In any event, beyond the employee’s request, the guidance also advises employers to keep documentation showing how they determine the amount of paid leave to provide. This documentation should include records showing how the employer determined the amount of wages to pay during leave (for example, records showing how the employer calculated the employee’s regular rate). The documentation should also include copies of the employer’s IRS forms 941 and 7200. Employers should keep these documents for at least four years.
Credits for Employee Retention under the CARES Act
Among (many) other things, the CARES Act authorizes new tax credits for employers affected by coronavirus-related shutdowns.
To qualify for the credits, an employer must experience either (a) a full or partial shutdown because of a government order related to COVID-19, or (b) a decline in revenue of 50% or more from the same period last year. Employers meeting these conditions can take a tax credit of up to 50% of wages paid to an employee between March 12, 2020, and the end of the year.
The credit caps out at the first $10,000 in wages paid to an employee (meaning the employer can take a maximum $5,000 credit). Which wages are eligible for a credit depends on the employer’s size. If the employer has 100 or fewer employees, it can take a credit for wages paid to any employee. If it has more than 100, it can take a credit only for wages paid to employees not working because of a coronavirus-related shutdown or substantial decline in revenue.
In its new guidance, the IRS addresses a short-lived controversy over whether large employers can take a credit for wages paid to part-time employees. Some employers wanted to take a partial credit for employees whose schedules had been reduced but who continued to receive full pay. Early guidance left that issue unresolved. The new guidance, however, states that employers may take a credit for wages paid during any “time that [sic] the employee is not providing services.” That language suggests that big employers can take at least a partial credit.
The guidance also explains that employers can claim the CARES Act credit the same way they claim FFCRA credits. Instead of paying now and seeking reimbursement later, they can withhold taxes they would otherwise deposit each quarter with the IRS. And if their credits exceed their tax liability, they can seek an advance refund by filing a form 7200.
The IRS also reiterated that employers may not claim overlapping credits or benefits. While employers may claim a credit for both FFCRA leave and CARES Act wages, they may not claim both credits for the same wages. In other words, wages paid to employees on FFCRA leave are ineligible for a credit under the CARES Act. Similarly, employers cannot claim a CARES Act credit for wages paid by a loan under the new Paycheck Protection Program. That program provides low-interest, forgivable loans to small businesses affected by the COVID-19 crisis.
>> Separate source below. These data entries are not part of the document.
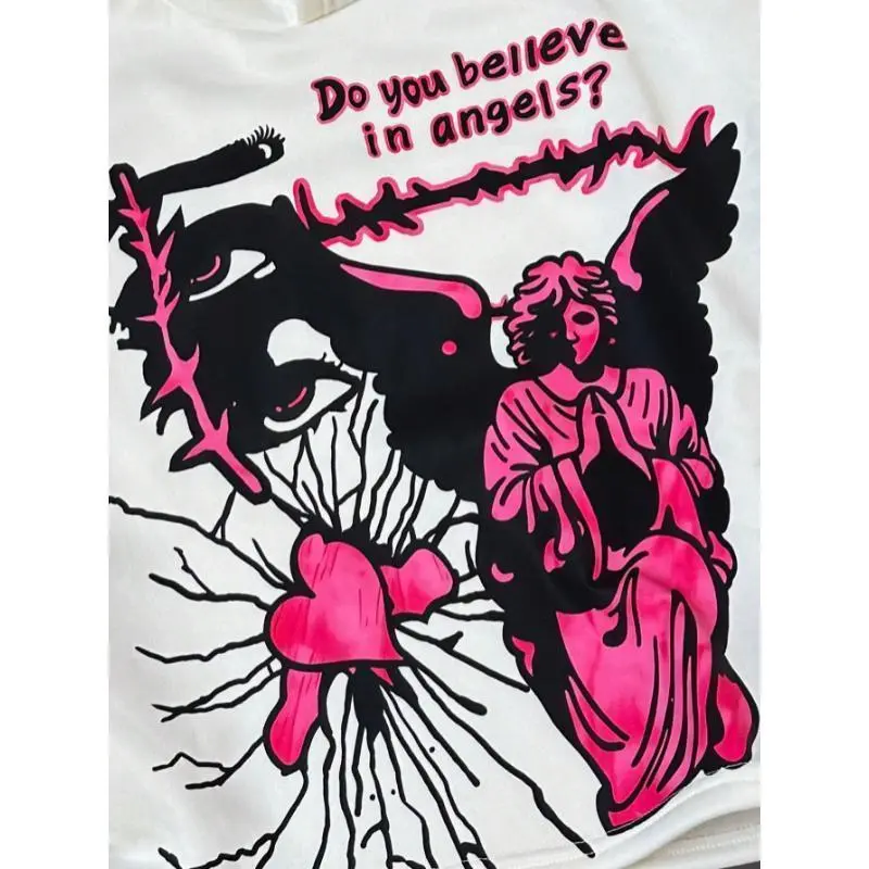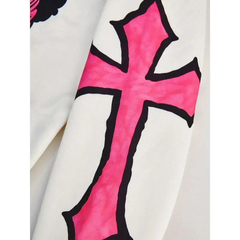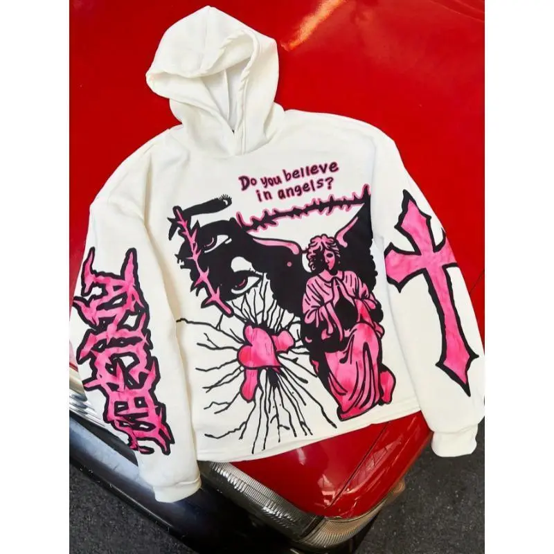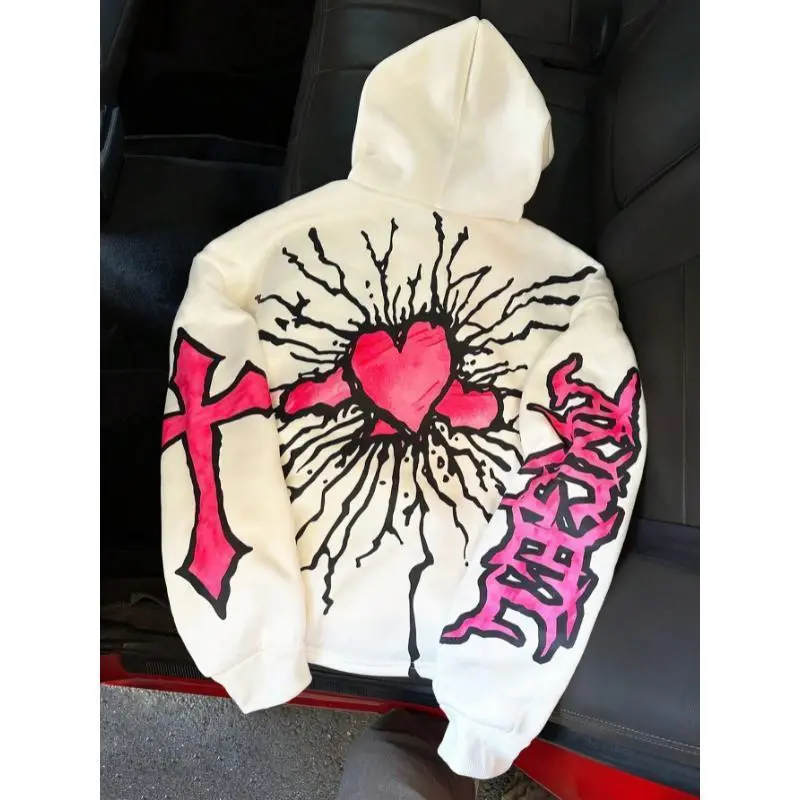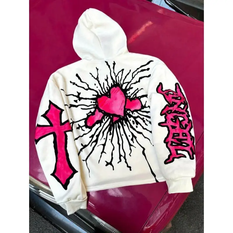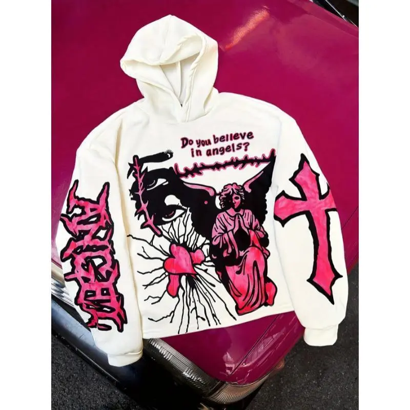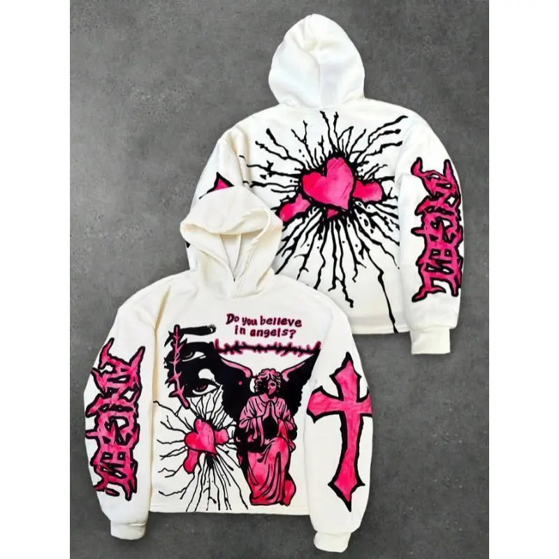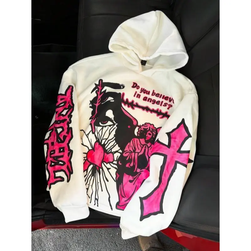 menswear Drippy.Men'S Street INS Pink Heart Angel Cross Gothic Font Short-Length Reversible Printed White Rapper Hoodie, Fall And Winter Graphic Going Out Street Wear Long Sleeve Hoodie, For Friends, Husband, Boyfriend Gift
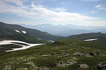 最後のピークの手前で登山道を離れ、南側のガレ場の方に入ると風の当たらない場所があったので、そこで最初の休憩をとる。 今日は、天気は良いものの、昨日よりも雲が多く、日高山脈の姿は昨日よりも霞んでしまっていた。 |
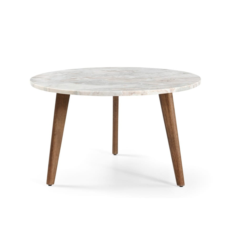 Stolik kawowy MODENA Ø70 – szary marmur i drewno mango

The IRS and other federal agencies are issuing new guidance related to the coronavirus-relief laws daily, if not hourly. The Littler Workplace Policy Institute (WPI) will continue to provide updates on these developments. Employers looking to navigate this regulatory whirlwind should consult experienced counsel.
1 For a helpful analysis on this point, see Jeff Nowak, IRS Limits the Number of Caretakers for Paid Leave, Outlines the Documentation Required to Take Leave, FMLA Insights (Apr. 1, 2020).